IOSVLM: A 3D Vision-Language Model for Unified Dental Diagnosis from Intraoral Scans

3D intraoral scans (IOS) are increasingly adopted in routine dentistry due to abundant geometric evidence, and unified multi-disease diagnosis is desirable for clinical documentation and communication. While recent works introduce dental vision-language models (VLMs) to enable unified diagnosis and report generation on 2D images or multi-view images rendered from IOS, they do not fully leverage native 3D geometry. Such work is necessary and also challenging, due to: (i) heterogeneous scan forms and the complex IOS topology, (ii) multi-disease co-occurrence with class imbalance and fine-grained morphological ambiguity, (iii) limited paired 3D IOS-text data.

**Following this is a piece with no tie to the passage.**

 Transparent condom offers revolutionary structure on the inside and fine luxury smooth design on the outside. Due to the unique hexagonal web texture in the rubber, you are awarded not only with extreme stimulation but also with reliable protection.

Thus, we present IOSVLM, an end-to-end 3D VLM that represents scans as point clouds and follows a 3D encoder-projector-LLM design for unified diagnosis and generative visual question-answering (VQA), together with IOSVQA, a large-scale multi-source IOS diagnosis VQA dataset comprising 19,002 cases and 249,055 VQA pairs over 23 oral diseases and heterogeneous scan types. To address the distribution gap between color-free IOS data and color-dependent 3D pre-training, we propose a geometry-to-chromatic proxy that stabilizes fine-grained geometric perception and cross-modal alignment. A two-stage curriculum training strategy further enhances robustness. IOSVLM consistently outperforms strong baselines, achieving gains of at least +9.58% macro accuracy and +1.46% macro F1, indicating the effectiveness of direct 3D geometry modeling for IOS-based diagnosis.

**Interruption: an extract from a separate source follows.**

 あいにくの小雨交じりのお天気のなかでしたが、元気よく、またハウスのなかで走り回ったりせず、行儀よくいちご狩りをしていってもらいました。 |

翻译：三维口内扫描（IOS）因其丰富的几何证据在常规牙科诊疗中日益普及，而统一的多疾病诊断对于临床记录与交流具有重要价值。尽管近期研究引入了牙科视觉-语言模型（VLM），以实现在二维图像或由IOS渲染的多视角图像上的统一诊断与报告生成，但这些方法未能充分利用原生三维几何信息。此类研究既具必要性又面临挑战，主要源于：（i）异构的扫描形态与复杂的IOS拓扑结构；（ii）多疾病共现伴随的类别不平衡与细粒度形态学模糊性；（iii）有限的三维IOS-文本配对数据。为此，我们提出IOSVLM——一种端到端的三维VLM，该模型将扫描数据表示为点云，并采用三维编码器-投影器-大语言模型架构，以实现统一诊断与生成式视觉问答（VQA）。同时，我们构建了IOSVQA，一个大规模多源IOS诊断VQA数据集，包含19,002个病例、249,055个VQA对，涵盖23种口腔疾病及多种异构扫描类型。为弥合无色IOS数据与依赖颜色的三维预训练之间的分布差异，我们提出一种几何-色彩代理机制，以稳定细粒度几何感知与跨模态对齐。进一步采用两阶段课程训练策略以增强模型鲁棒性。IOSVLM在各项基准测试中均显著优于现有强基线模型，宏准确率提升至少+9.58%，宏F1分数提升至少+1.46%，这验证了直接三维几何建模在IOS诊断中的有效性。